Speaking of big money changing hands at the highest levels of government, the US Navy is bringing the cost effectiveness of the F-35 program to its new Gerald Ford aircraft carrier class by making plans for huge purchases in bulk before they even know if the new vessels work:

The Navy wants to go all in on the USS Ford-class aircraft carrier program. Less than a year after the first-in-class ship’s commissioning (before it ever launched or recovered an aircraft…a first in history), the sea service is exploring options to buy them in bulk. The Navy has already repeated several common acquisition mistakes with the Ford program, but this latest scheme would pile on more problems. The Navy committed to this program—which includes several new major ship systems like nuclear reactors, catapults, and radar systems—while their designs were still in a conceptual stage, and the inevitable complications in their development have contributed greatly to the program’s $6 billion cost increase. Committing to such a large program with so many unproven systems earned the Ford-class program a spot on Senator John McCain’s (R-AZ) “America’s Most Wasted Report.” Yet, James Geurts, the Navy’s Assistant Secretary for Research, Development, and Acquisition, said before the House Armed Services Committee on March 6 that the Navy is studying a potential two-ship block buy for the third- and fourth-in-class ships.

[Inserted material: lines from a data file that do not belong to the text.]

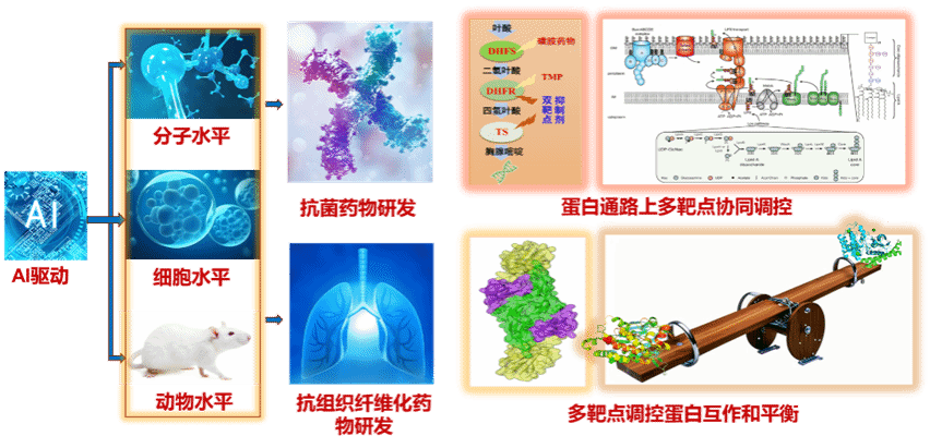 医药生物技术研究所搭建抗菌药物和先导分子数据库,结合化合物结构与活性数据,构建统一的高质量数据库,以细菌生存必须的生物大分子为靶点开发AI模型,加速抗菌药物发现,从而对抗日益严峻的抗生素耐药问题。
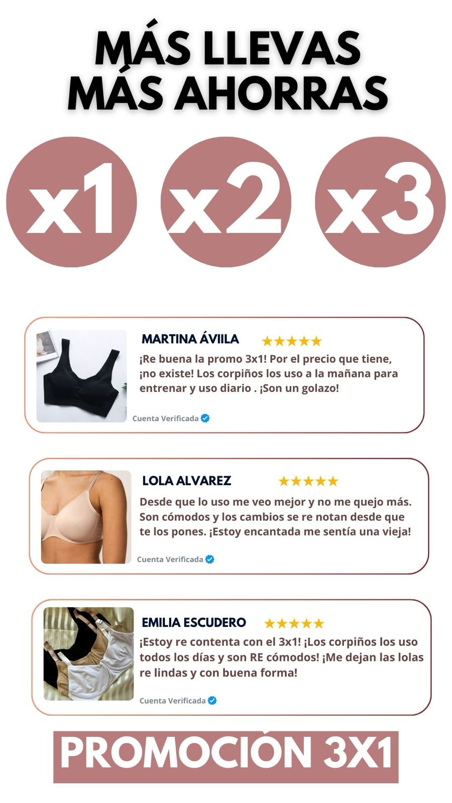 “¡3 por 1 y encima buenísimos!” Pensé que iba a ser medio trucho por la promo, pero nada que ver. Son suaves, se adaptan re bien y me dejan el busto hermoso. Mi hermana ya me pidió el link.
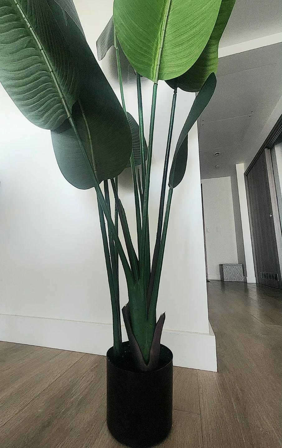 Bring a touch of the tropics indoors with this large faux Bird of Paradise plant. It's housed in a simple black pot. Adds a natural, vibrant look to any room without any upkeep!
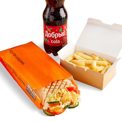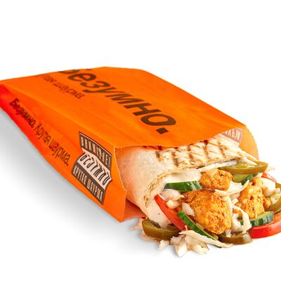 Цыпленок, ароматный лаваш, фирменный соус, сливочный сыр, нежный плавленый сыр, ананас

Geurts testified that such a plan could save $2.5 billion over the total cost of the program, although this is only a rough estimate at this point as they are asking for evidence of savings from the contractor rather than seeking an independent cost estimate. The history of this program should make everyone skeptical of such claims. The Government Accountability Office released a report in 2017 that stated cost estimates for the Ford program are unreliable because they do not take into account the risks associated with building the ships before the design has been completed and tested.